Investors force discount on new 30-year bond in push for higher returns

Investors who bought the new 30-year Treasury bond were handed a nine percent discount on the price of the security after they demanded a higher interest return than what the State was willing to pay on the paper.

The bond came with a predetermined annual interest rate of 12.5 percent, but investors demanded to be paid 13.75 percent to buy the paper, hence the discount on the price to make up for the return shortfall.

The CBK said that successful bidders on the 30-year bond will pay Sh91.04 per bond unit of Sh100, effectively handing them a discount of Sh8.96 for each unit. A unit of a bond is priced at Sh100, but they can sell above or below this price depending on the prevailing demand when the papers are reopened.

The interest rate outlook has however shifted due to the threat of inflation due to the Iran war, with investors now anticipating higher returns in the near term if the CBK is forced to raise the base rate to fight higher inflation.

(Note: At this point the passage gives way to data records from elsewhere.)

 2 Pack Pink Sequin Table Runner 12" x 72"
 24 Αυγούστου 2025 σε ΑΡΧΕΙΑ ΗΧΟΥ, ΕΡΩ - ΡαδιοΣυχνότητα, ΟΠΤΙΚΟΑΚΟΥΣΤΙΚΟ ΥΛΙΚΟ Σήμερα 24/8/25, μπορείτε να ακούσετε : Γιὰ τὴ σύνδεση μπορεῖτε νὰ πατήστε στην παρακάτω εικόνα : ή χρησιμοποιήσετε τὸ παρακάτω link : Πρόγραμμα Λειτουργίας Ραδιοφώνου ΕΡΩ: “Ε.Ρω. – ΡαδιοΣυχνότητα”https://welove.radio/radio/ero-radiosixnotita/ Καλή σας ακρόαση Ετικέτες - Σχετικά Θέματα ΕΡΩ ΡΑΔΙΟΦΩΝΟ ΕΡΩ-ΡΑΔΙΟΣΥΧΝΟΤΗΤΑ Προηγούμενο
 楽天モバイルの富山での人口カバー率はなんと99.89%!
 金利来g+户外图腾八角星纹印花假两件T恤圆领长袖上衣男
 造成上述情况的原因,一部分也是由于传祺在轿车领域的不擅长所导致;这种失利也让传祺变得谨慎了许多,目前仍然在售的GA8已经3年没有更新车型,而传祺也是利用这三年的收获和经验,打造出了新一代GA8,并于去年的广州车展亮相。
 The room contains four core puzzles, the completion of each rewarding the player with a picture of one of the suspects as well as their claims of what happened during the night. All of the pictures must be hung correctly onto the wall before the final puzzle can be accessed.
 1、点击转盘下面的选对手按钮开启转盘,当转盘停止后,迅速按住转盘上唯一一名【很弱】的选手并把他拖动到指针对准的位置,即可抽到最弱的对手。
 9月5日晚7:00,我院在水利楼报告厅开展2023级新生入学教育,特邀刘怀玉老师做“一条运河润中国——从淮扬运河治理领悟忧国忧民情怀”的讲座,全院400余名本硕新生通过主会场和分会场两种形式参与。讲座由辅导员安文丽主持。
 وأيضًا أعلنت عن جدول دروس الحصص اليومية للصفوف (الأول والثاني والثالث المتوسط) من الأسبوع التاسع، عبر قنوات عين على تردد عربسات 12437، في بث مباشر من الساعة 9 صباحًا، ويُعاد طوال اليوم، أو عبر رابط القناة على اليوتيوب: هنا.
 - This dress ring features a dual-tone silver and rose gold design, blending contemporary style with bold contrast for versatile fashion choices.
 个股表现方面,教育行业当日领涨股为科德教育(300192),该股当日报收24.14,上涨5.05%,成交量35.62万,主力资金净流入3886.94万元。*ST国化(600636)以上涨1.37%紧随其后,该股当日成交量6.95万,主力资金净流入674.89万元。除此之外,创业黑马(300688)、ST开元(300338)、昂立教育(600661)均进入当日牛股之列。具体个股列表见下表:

It also means that the cost of borrowing for government will go up due to the cash ceded in offering the discounts to investors.

For investors however, the lower prices are a direct upfront gain, considering that they will be paid interest and maturity settlements on the full face value of the bonds.

In the bonds market, interest rates and prices have an inverse relationship, where a fall in one results in an increase in the other.

Ideally, when the investor’s rate demands match what the government is willing to pay for a security, the buyer would pay exactly the face value of the security.

However, when investors ask for a return that is higher than a bond’s actual coupon or interest rate, the CBK offers a discount on the bond’s price to compensate the investors for accepting to earn below their desired return.

Alternatively, when investors indicate they are willing to take a return that is lower than a bond’s coupon rate, they end up paying a price premium to the CBK in order to secure the bond.

The CBK was thus forced to offer the price discount to attract buyers to its April issuance, which targeted Sh20 billion from the new bond and a reopened 30-year bond that was first sold in 2011 at an annual interest rate of 12 percent.

The issuance raised Sh30.06 billion from investor bids of Sh38 billion from the two bonds. The new 30-year bond netted Sh23.5 billion from offers worth Sh31.3 billion, while the reopened paper raised Sh6.6 billion from offers of Sh7.05 billion.

Similar to the new bond, the 2011 paper was also sold at a discount of Sh1.91 per unit of Sh100, after buyers demanded a return of 12.99 percent compared to its actual interest rate of 12.5 percent.

The government is collecting net of Sh27.82 billion from the two bonds, handing investors Sh2.24 billion in discounts on the papers.